**Exercise requirements:**
Go to the line in the entries below that holds "Pop-up container-storage yards, such" and repeat exactly from there through the line that holds "それから、通気性も良いようだ", inclusive.
━━━━━━━━━━
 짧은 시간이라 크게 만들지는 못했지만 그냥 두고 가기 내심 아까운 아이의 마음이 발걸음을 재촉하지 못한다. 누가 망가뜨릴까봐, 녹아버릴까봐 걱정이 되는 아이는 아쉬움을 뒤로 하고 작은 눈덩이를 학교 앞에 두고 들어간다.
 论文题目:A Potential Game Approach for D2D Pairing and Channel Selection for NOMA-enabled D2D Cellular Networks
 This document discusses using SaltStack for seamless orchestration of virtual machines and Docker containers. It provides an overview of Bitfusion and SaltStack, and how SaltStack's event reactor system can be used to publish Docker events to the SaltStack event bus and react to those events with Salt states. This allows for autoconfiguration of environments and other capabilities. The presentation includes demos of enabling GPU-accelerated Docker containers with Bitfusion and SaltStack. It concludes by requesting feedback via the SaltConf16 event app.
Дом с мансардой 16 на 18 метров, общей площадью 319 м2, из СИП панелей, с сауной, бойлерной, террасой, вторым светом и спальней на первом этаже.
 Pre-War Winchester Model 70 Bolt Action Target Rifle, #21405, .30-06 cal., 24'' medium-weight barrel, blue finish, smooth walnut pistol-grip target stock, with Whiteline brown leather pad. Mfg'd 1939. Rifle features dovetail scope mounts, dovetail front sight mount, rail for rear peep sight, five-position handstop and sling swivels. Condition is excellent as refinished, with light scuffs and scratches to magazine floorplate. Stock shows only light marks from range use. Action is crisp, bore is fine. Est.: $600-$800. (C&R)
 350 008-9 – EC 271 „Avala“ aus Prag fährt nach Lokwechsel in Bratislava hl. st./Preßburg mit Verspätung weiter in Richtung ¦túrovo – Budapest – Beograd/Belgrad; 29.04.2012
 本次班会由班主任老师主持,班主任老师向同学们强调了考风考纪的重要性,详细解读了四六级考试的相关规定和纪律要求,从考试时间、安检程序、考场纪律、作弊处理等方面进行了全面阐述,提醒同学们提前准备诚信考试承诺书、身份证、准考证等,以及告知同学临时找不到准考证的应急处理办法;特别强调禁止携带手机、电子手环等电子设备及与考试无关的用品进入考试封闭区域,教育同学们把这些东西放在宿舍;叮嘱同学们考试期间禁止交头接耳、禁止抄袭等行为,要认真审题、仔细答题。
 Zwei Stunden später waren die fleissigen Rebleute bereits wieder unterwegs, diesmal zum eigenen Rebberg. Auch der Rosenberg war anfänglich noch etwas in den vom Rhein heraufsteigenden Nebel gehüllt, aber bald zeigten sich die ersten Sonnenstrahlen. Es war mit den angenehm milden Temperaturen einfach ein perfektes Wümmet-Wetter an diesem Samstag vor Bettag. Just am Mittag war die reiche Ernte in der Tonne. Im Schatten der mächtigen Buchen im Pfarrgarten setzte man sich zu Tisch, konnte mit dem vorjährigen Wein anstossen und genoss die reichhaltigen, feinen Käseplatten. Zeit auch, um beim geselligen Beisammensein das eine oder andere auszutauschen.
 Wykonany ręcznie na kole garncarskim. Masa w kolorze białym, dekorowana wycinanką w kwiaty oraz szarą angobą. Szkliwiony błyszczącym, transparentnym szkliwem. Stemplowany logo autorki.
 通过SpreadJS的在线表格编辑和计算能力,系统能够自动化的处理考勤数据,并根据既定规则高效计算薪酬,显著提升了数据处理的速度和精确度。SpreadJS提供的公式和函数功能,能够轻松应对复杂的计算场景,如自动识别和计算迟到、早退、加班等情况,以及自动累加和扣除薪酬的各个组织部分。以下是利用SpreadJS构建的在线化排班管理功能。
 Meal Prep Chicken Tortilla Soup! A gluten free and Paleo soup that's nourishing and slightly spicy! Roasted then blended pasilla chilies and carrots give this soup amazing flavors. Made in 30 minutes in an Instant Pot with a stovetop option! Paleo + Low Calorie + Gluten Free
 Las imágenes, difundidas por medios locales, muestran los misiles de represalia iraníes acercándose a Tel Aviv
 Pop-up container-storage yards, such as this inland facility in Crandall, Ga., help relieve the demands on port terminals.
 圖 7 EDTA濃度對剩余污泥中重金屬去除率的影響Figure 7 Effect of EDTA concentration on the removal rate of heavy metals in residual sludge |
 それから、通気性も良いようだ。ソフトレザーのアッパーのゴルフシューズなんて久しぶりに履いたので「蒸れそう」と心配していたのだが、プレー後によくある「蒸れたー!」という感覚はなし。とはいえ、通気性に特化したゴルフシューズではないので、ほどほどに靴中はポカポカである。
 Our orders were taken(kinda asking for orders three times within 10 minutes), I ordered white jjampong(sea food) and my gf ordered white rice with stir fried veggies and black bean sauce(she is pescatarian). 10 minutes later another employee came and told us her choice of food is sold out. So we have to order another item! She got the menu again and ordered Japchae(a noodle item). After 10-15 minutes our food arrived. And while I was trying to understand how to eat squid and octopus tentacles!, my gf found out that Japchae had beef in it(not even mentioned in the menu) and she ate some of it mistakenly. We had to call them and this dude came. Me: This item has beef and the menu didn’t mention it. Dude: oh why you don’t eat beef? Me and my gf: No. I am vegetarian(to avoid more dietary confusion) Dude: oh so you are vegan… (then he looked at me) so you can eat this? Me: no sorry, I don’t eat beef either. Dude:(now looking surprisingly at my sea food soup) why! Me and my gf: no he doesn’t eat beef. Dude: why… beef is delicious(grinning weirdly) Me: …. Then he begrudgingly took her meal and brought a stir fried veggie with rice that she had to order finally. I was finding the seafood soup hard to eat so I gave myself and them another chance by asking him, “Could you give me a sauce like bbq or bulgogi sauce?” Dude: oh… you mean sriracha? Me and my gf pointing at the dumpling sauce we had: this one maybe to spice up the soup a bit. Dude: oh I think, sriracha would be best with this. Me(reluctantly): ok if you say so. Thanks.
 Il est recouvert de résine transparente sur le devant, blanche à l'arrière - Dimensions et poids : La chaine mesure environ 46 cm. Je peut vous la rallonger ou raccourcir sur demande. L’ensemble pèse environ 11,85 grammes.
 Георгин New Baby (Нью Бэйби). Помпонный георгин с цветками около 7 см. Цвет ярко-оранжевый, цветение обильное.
━━━━━━━━━━
**Result of the exercise:**
 Pop-up container-storage yards, such as this inland facility in Crandall, Ga., help relieve the demands on port terminals.
 圖 7 EDTA濃度對剩余污泥中重金屬去除率的影響Figure 7 Effect of EDTA concentration on the removal rate of heavy metals in residual sludge |
 それから、通気性も良いようだ。ソフトレザーのアッパーのゴルフシューズなんて久しぶりに履いたので「蒸れそう」と心配していたのだが、プレー後によくある「蒸れたー!」という感覚はなし。とはいえ、通気性に特化したゴルフシューズではないので、ほどほどに靴中はポカポカである。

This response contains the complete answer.